A similar fix would be needed for your second example.

 

Thanks for pointing that out, i have edited the post.


In Topic: Separate matrices for every glDrawCalls

27 December 2013 - 10:00 AM

I can't really see your problem. You can create a function that returns the world client position, and use it when you want.
Also, i would have made a struct/class for points/vectors, so that you could easily handle coordinates. 

// Example of how a Vector3 struct may look like
struct Vector3
{
    int x, y, z;
    Vector3(int x, int y, int z) : x(x), y(y), z(z) {}

    void set(int x, int y, int z)
    {
        x = x;
        y = y;
        z = z;
    }

    Vector3 operator+(const Vector3 &a) const
    {
        return Vector3(x + a.x, y + a.y, z + a.z);
    }

    /* ... add some other neat functions ... */
};

// Example #1
Vector3 Object::getWorldCoord()
{
    Vector3 result;
    if(parent)
    {
        result = parent->getWorldCoord() + m_position; // position is a Vector3, and is a member of the Object class.
    }
    else
    {
        result = m_position;
    }
    return result;
}

// Example #2 that works out of the box for you
void Object::getWorldCoord(int &outX, int &outY, int &outZ) 
{
    if(parent)
    {
        int parentX, parentY, parentZ;
        parent->getWorldCoord(parentX, parentY, parentZ);
        outX = parentX + x; 
        outY = parentY + y; 
        outZ = parentZ + z;
    }
    else
    {
        outX = x;
        outY = y;
        outZ = z;
    } 
}


In Topic: How to create a physics engine

14 October 2013 - 02:37 AM


Not at all, Bullet's GPU solver is not yet in release.
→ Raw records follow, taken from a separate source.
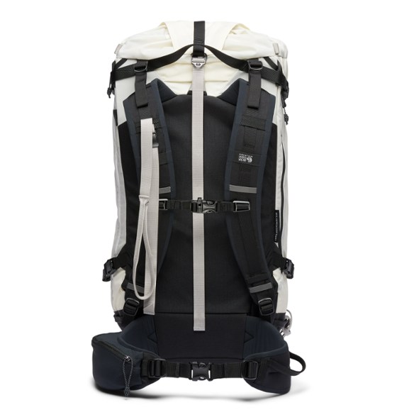The white cordura soaks up water like a sponge, which leads me to almost never use the thing for fear it may precipitate or be placed on wet ground The side straps don't fully tighten to compress the pack, so if not loaded up it flaps around The top flap is pointless and gets in the way It packs "out" rather than "up" so if fully loaded you get pulled backwards All around needs more R&D from people in the field not the factory Source: professional mountain guide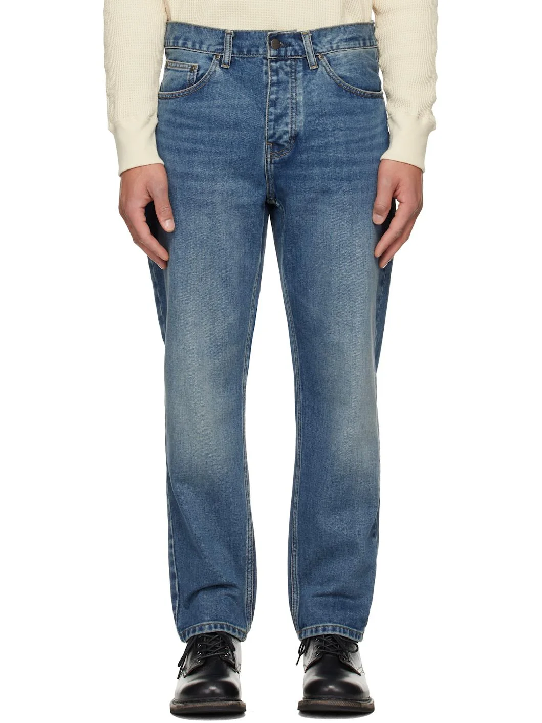13.5 oz non-stretch denim jeans. · Fading and whiskering throughout · Loose-fit, tapered · Belt loops · Five-pocket styling · Button fly · Logo patch at back pocket · Contrast stitching in tan Supplier color: Blue (dark used) Body: 100% cotton. Pocket lining: 65% polyester, 35% cotton. Made in Tunisia 261111M186021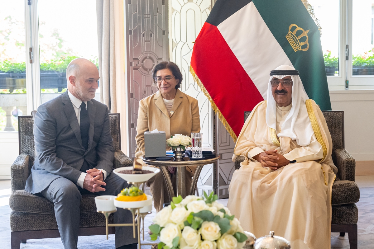 استقبل سمو أمير البلاد الشيخ مشعل الأحمد عصر اليوم الرئيس التنفيذي لمستشفى غوستاف روسيه البروفيسور فابريس بارليسي والمستشار الدولي للرئيس التنفيذي ريمي تيوليت وذلك في مقر إقامة سموه بالعاصمة الفرنسية باريس.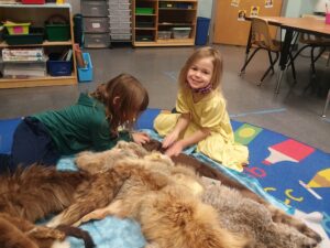 about these animals, learned about their habitats, and honed fine motor skills and imaginations as they drew their own rendition of these animals habitats. Later, the Orca class discovered what animals do in the winter and learned important vocabulary words such as migration, hibernation, and adaptation. They built shelters for bears to hibernate in and acted out a play about a fox and a beaver to identify particular adaptations of each. The students loved exploring adaptations that animals use to help them stay warm in the winter. We were fortunate enough to borrow a fur kit from the Alaska Department of Fish and Game (ADF&G). The Orcas were enthralled by all the different furs, some thick, some thin, as we
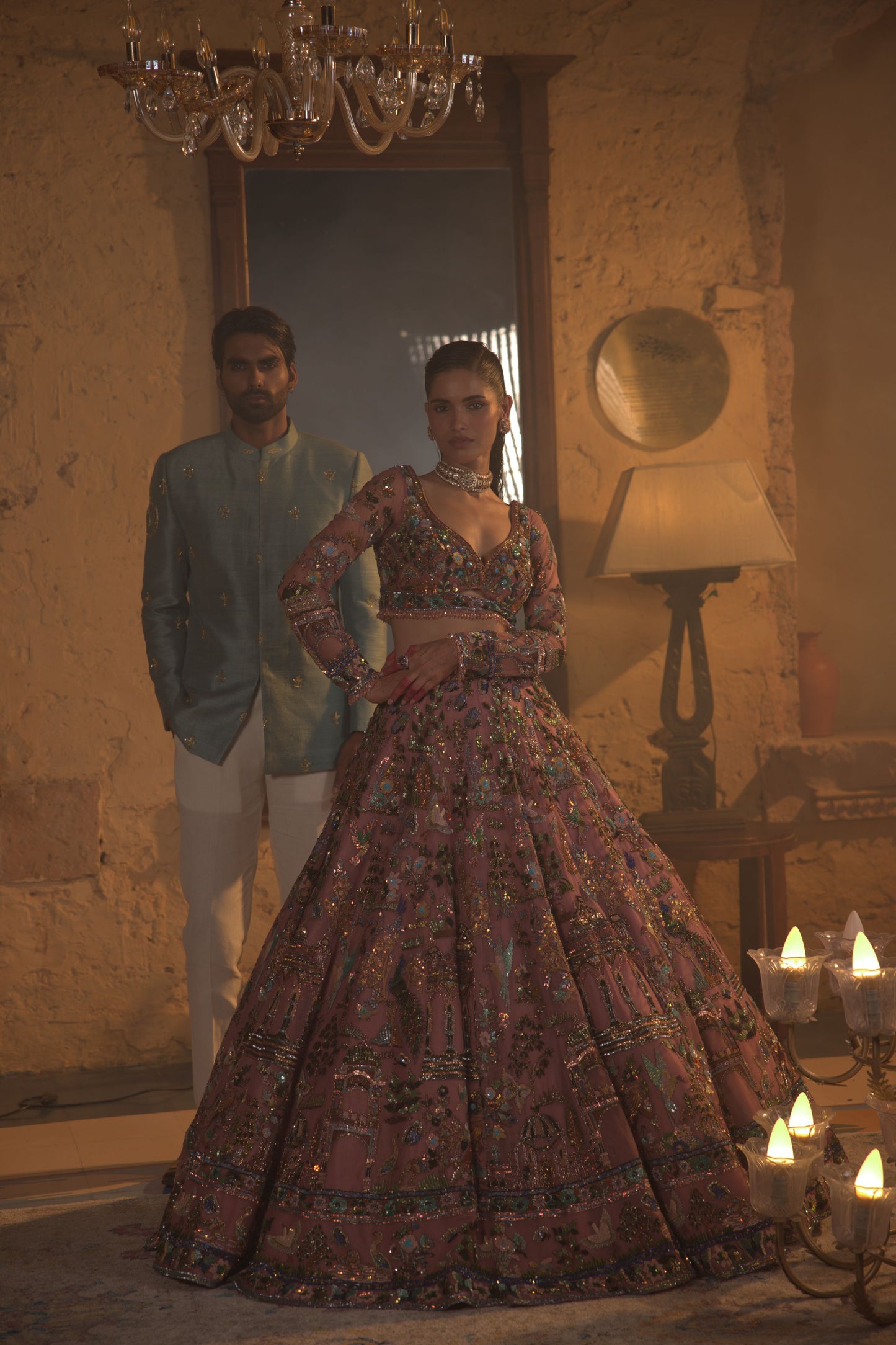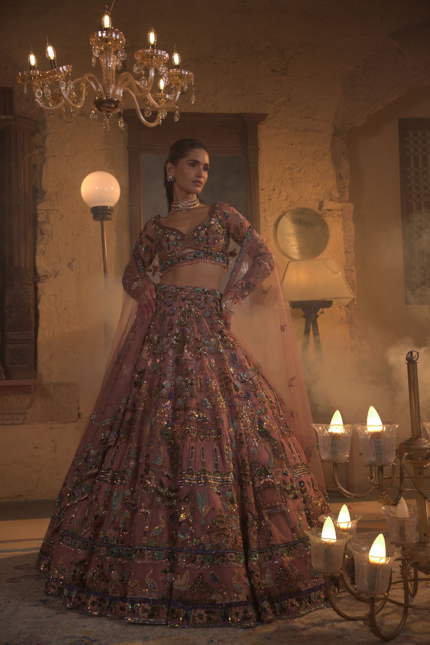 This Lehenga Set Features Heavily Embroidered Three-Dimensional Embroidery In A Multitude Of Colours. The 3D Flowers Are Further Accentuated With Crystal, Bugle Beads And Platinum Cut Sequins. The Full Sleeves Blouse Is Fully Embroidered And Shows Delicate Gold Tassels At The Waist. It Is Paired With The Heavily Embroidered Dupatta Having A Matching Border And Floral Motifs All Over.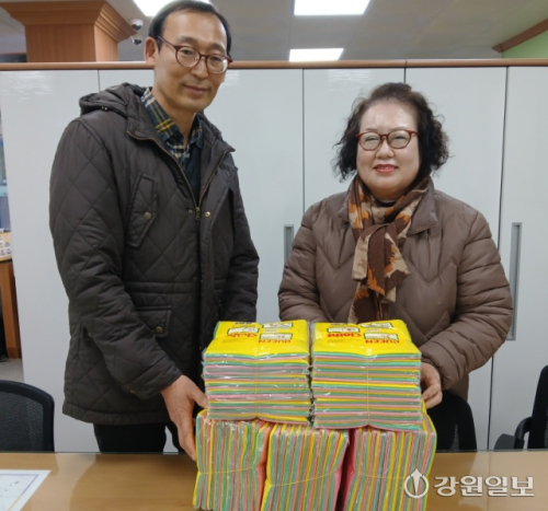 삼척시 정라동 정라28통 이상희 통장은 6일 정라동행정복지센터에 취약계층 지원을 위한 생활용품 주방 행주 150장을 기탁했다. 이 통장은 지난해에도 수세미 450개를 기탁해 이웃나눔을 실천했다.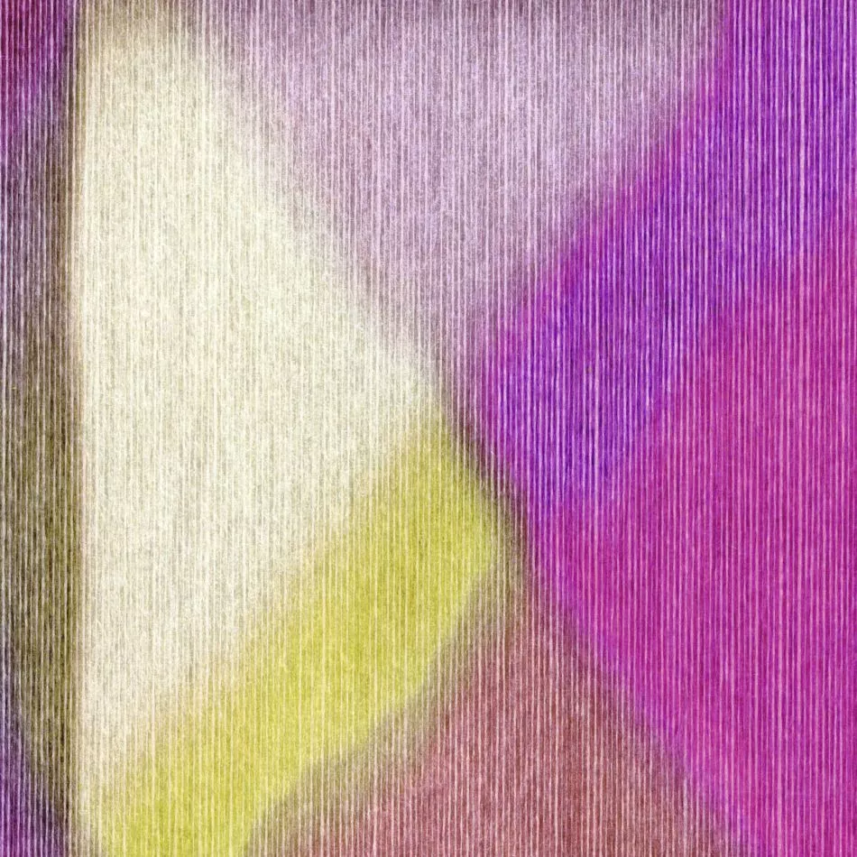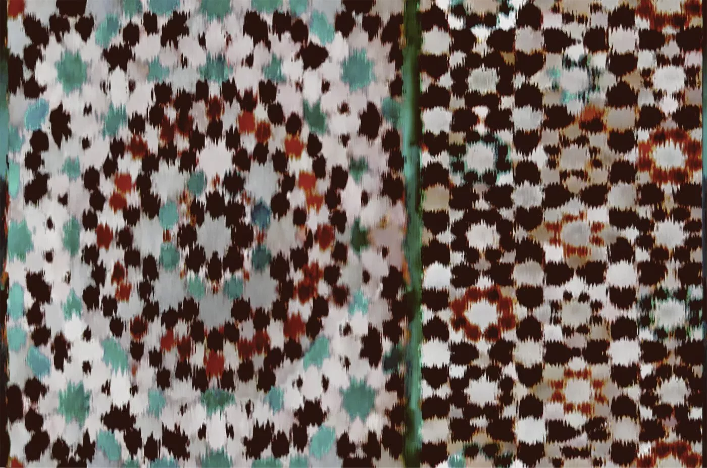 Ein auf Vlies geklebter Fil-à-fil gibt den Ton an. Textildruck inspiriert von marokkanischen Farben, indonesischen Sarongs und Batikstoffen. Unter der Farbe der gemalten Motiven verschwimmen die Dessins.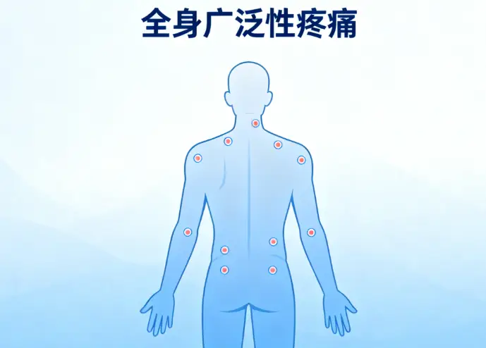 纤维肌痛的特点是在特定部位会出现多个压痛点,同时伴有持续的广泛性疼痛。患者常描述这种疼痛为"全身都在痛",从颈部、肩部到腰背部,甚至四肢都会感到不适。这种疼痛往往在早晨特别明显,伴随着僵直感,活动后可能稍有好转,但劳累后又会加重。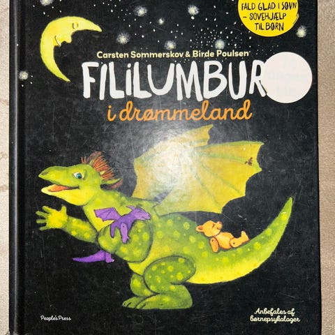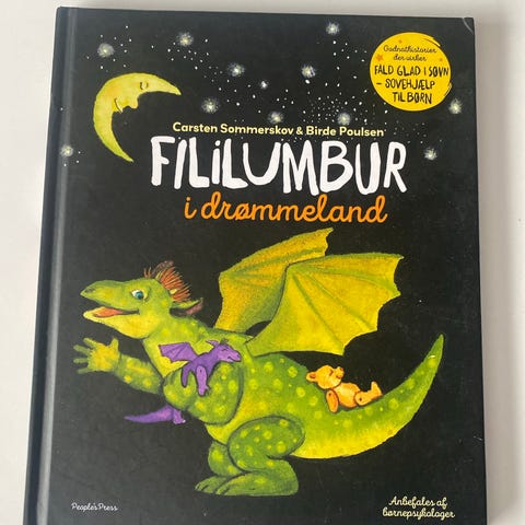 Fililumbur børnebog med rød omslag. Bogen handler om dragen Fililumbur og henvender sig til børn. Indeholder illustrationer og tekst på dansk.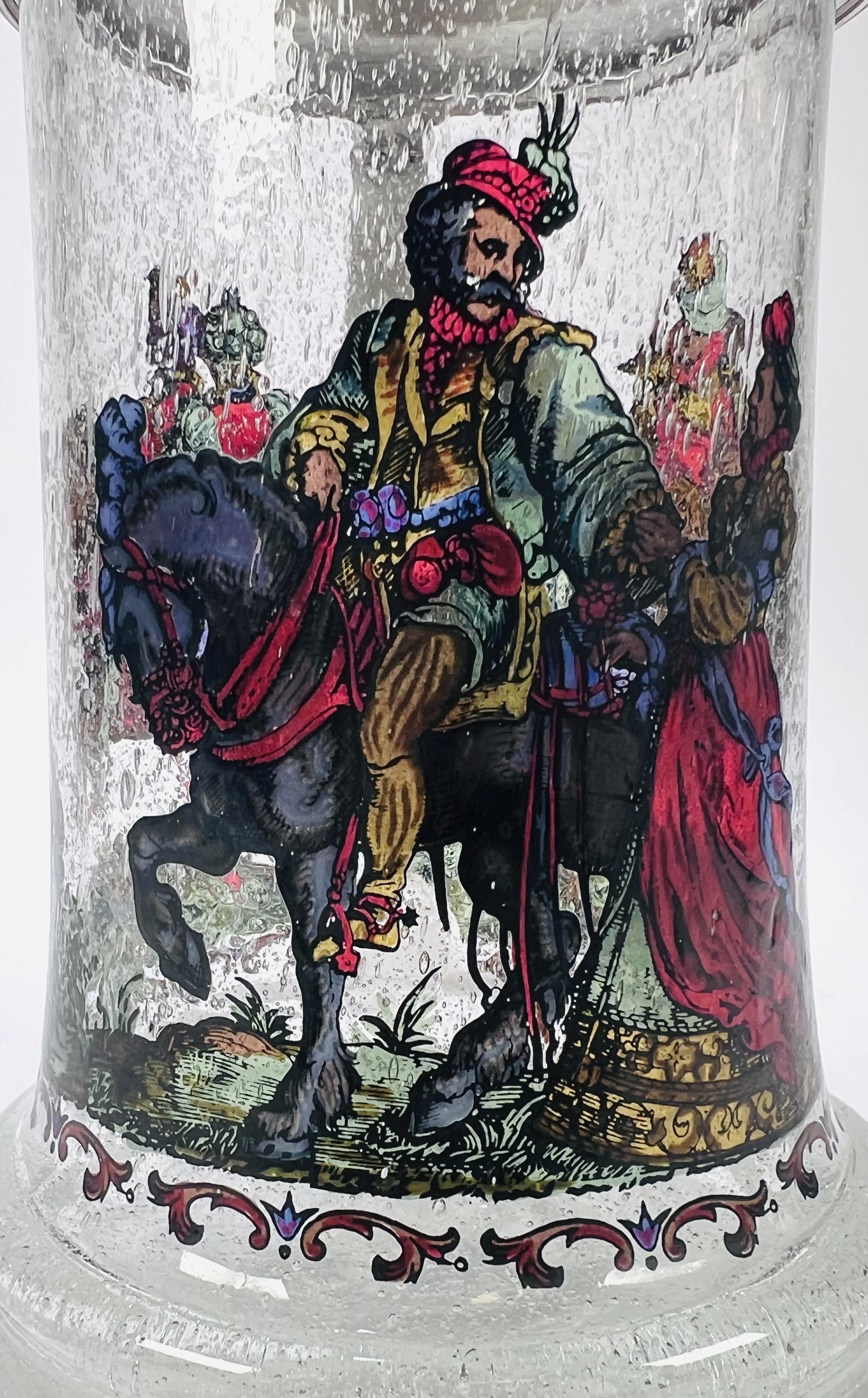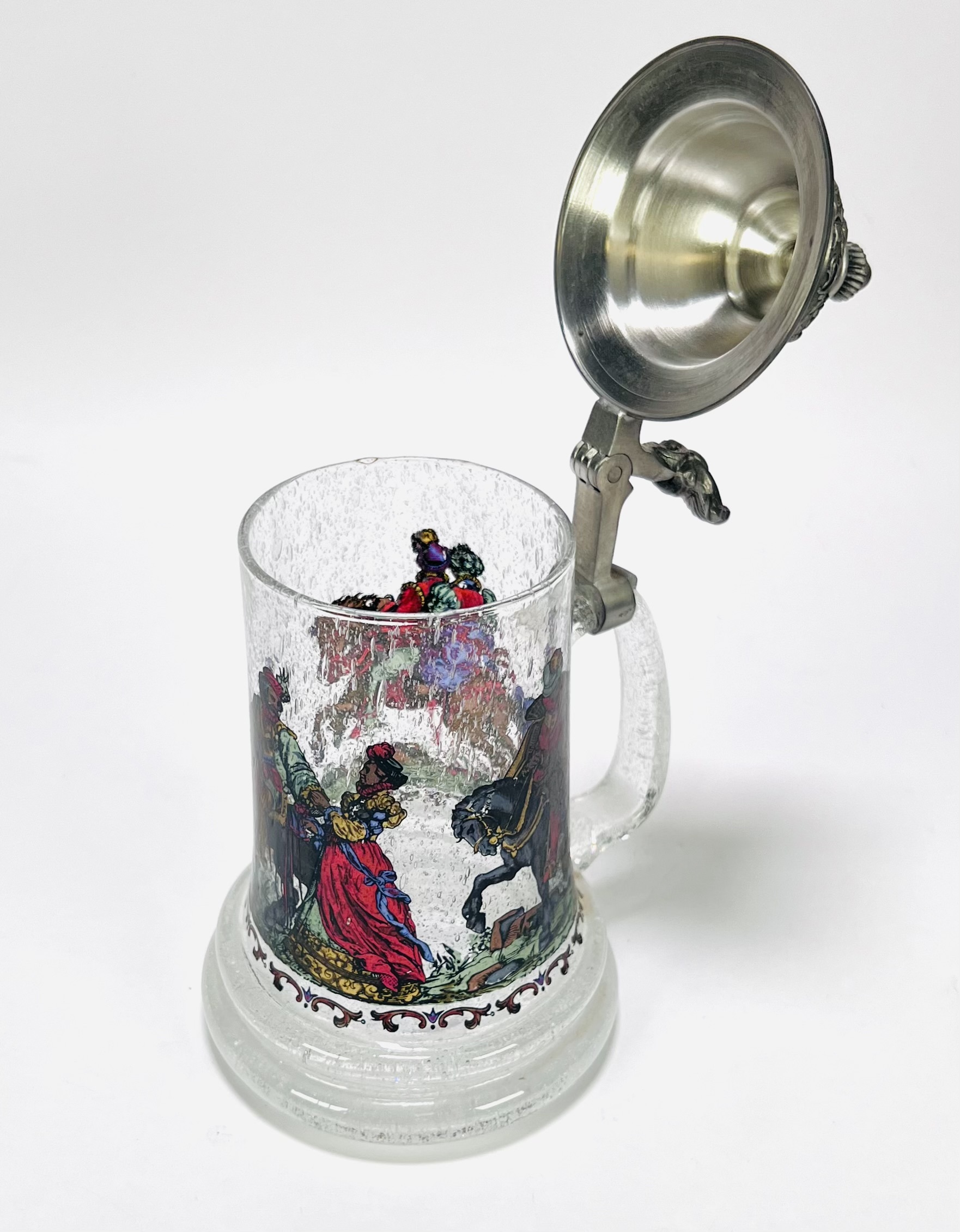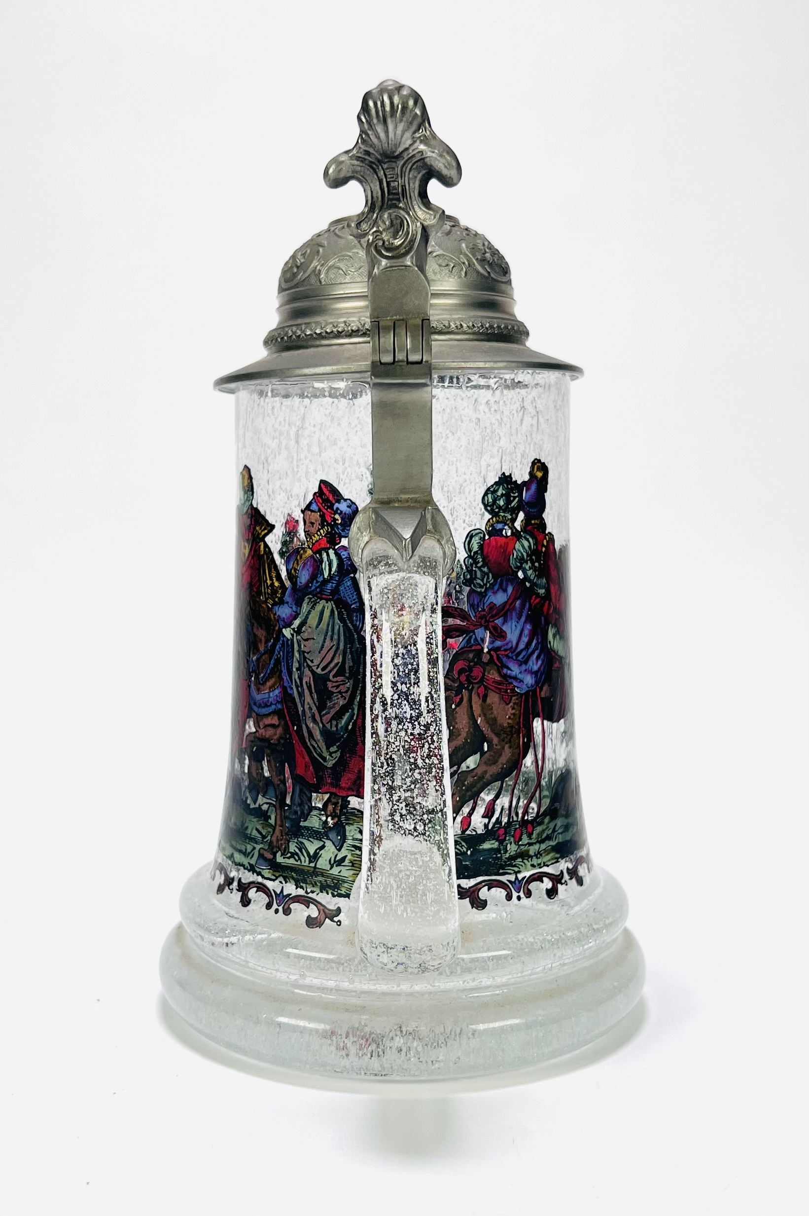 Bierpul uit midden 20e eeuw, vervaardigd uit helder glas met luchtinsluitingen en voorzien van een tinnen deksel met florale ornamentiek. De wand toont een doorlopende, polychrome voorstelling met figuren in renaissancekostuums, waaronder ruiters en hofdames. De duimrust is uitgevoerd in de vorm van een dierenkop. Geïnteresseerd? Bezoek onze kijkdagen op 29, 30 of 31 augustus van 11:00 tot 17:00 uur! |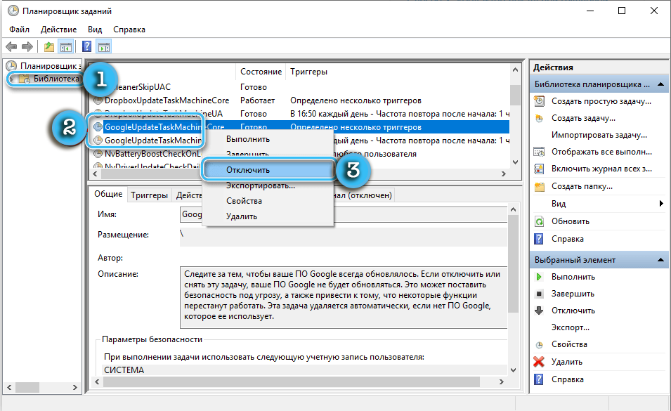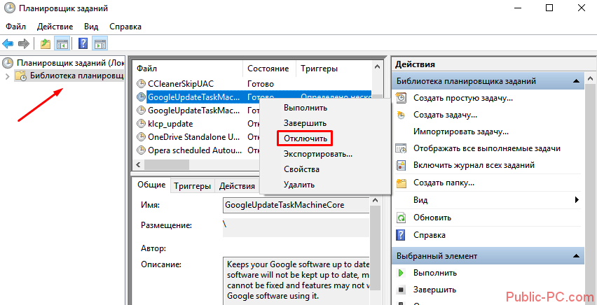 Также желательно отключить выполняемую задачу в Планировщике заданий. Найдите его в поиске по ключевым словам, кликните на «Библиотека планировщика» и отключите задание GoogleUpdateTask через правую кнопку мышки.

Did i mention Bullets? Even if i am wrong with Havok, since it has limited GPU support, however are going to have full on next-gen consoles.
 

Hmm, poorly expressed by me. What i mean is that AAA physic engines are moving towards GPU acceleration, which is state of the art. With the next-gen consoles, we would see that CPU based physics engine are being slowly thrown away, in favor of GPU based. Why create a CPU based physic engine, when we are missing a good and open-source GPU based physic engine, that are platform independent. Not that he is going to create a open-source engine, but you see what i mean. The question is what's the goal. Do you want to create an useful engine and push the market, or are you going to create an engine just for education(where parallel programming is a good start though).